LLMs as a GM

AI might, LLMs won't.

LLMs require significant work to even manage (c.f. this entire discussion), and ultimately are just predictive text writ large.

They can't think. They can't come up with solutions. They can only spew out words in orders that seem likely to be appropriate to their prompts.
So .. isn't that exactly what I do when I am a GM? I respond using words in orders that seem likely to be appropriate to the statements of my players?

I'm not going to respond to "they can't think" since there is no solid definition of what thinking is. But they certainly can come up with solutions. They do so by manipulating patterns of words so as to create a chain of arguments that is consistent with the patterns it has been trained on. This is different in approach from the way that previous AI attempted the problem. The old way is:
  1. Go from a text description to one in a formal language
  2. Infer new statements in the formal language based on existing statements
  3. Translate those new statements into a usable text form
LLMs don't have that formal language; the vectors they use are really just words in a more computer-friendly format. So for many people, it doesn't feel like real thinking. We (humans) don't depend on text to reason, but reason based on concepts which are linked to words, rather than directly on the words themselves.

But modern chain-of-reasoning LLMs specifically do come up with solutions by planning what they need to do, creating sub-steps and evaluating how well those steps worked, generating new steps based on the previous step's results and deciding when they have enough evidence to present a solution. These are all ways we reason. The big difference is that what the LLM manipulates is bundles of words that can be though of as defining concepts, rather than manipulating concepts directly.
Further, if used in a videogame, LLMs (as opposed to SLMs), must be based on distant servers, and every query going to them will have an associated cost (and it ain't nothing, because they use insane and ever-increasing amounts of power/water/etc.) ... And LLMs are getting more expensive to run, not less, as developers try and improve their performance via brute force methods.
The per-query cost in terms of power and dollars is decreasing pretty rapidly. The new models often require multiple queries to do their reasoning, so the total cost is higher. However, yet newer methods are showing that smaller fine-tuned models can do as well as expensive models.

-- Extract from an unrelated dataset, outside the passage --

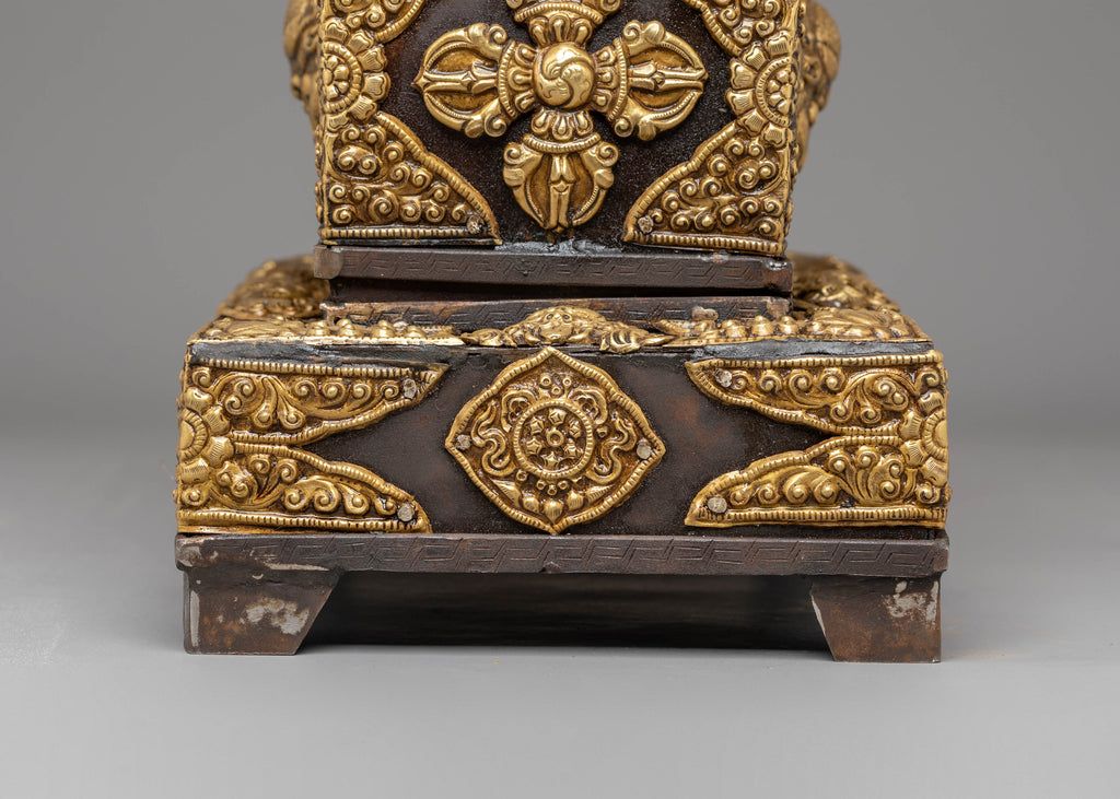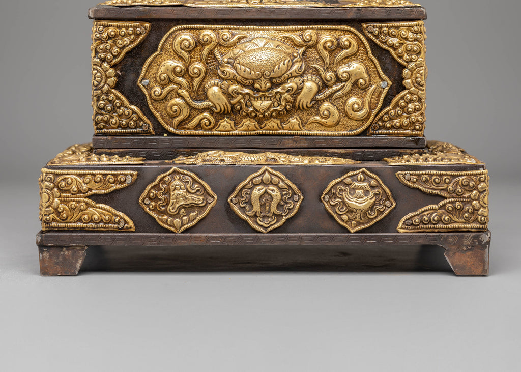 The decorative panels display protective creatures and sacred emblems often seen in Tibetan temples and ritual objects. These symbols are believed to represent blessings, spiritual harmony, and cultural heritage. The intricate brass work reflects Tibetan craftsmanship, where each motif carries meaning, from strength and guidance to prosperity and inner balance. The piece brings an air of cultural richness and artistic expression to any setting.

I am pretty sure, right now, that I could run a fine-tuned LLM on my $600 mac that would do as good a job as general purpose gpt-4. I haven't done that because it would cost me $5000 and the results could not be shared as it incorporates IP that I do not have rights to. But WotC easily could.

Now, to be clear, I'm not bullish on it happening. But it's not because they cannot reason well (they can) or will get more expensive (they will get cheaper), it's because they are not good at surprising you. They are designed to present a sort of average experience. There have been interesting papers showing that for a single person, AIs tend to be more creative than that person, but for a group they tend to be less creative than the group, because that creativity is very similar.

I have used LLMs to suggest scenes and create descriptions, and while initially they look good, after a few examples they start to feel very same-y. In general, I think this will be a challenge n any effort that attempts to use AIs to get creative results. It will start looking cool, but after a while will start feeling too similar to previous results.

I use GenAI in Photoshop. Not to be imaginative, but to fill in missing content (it's really good at fixing edges when adding a person to a group shot ...) and that's what I expect to use it for it RPGs in the future.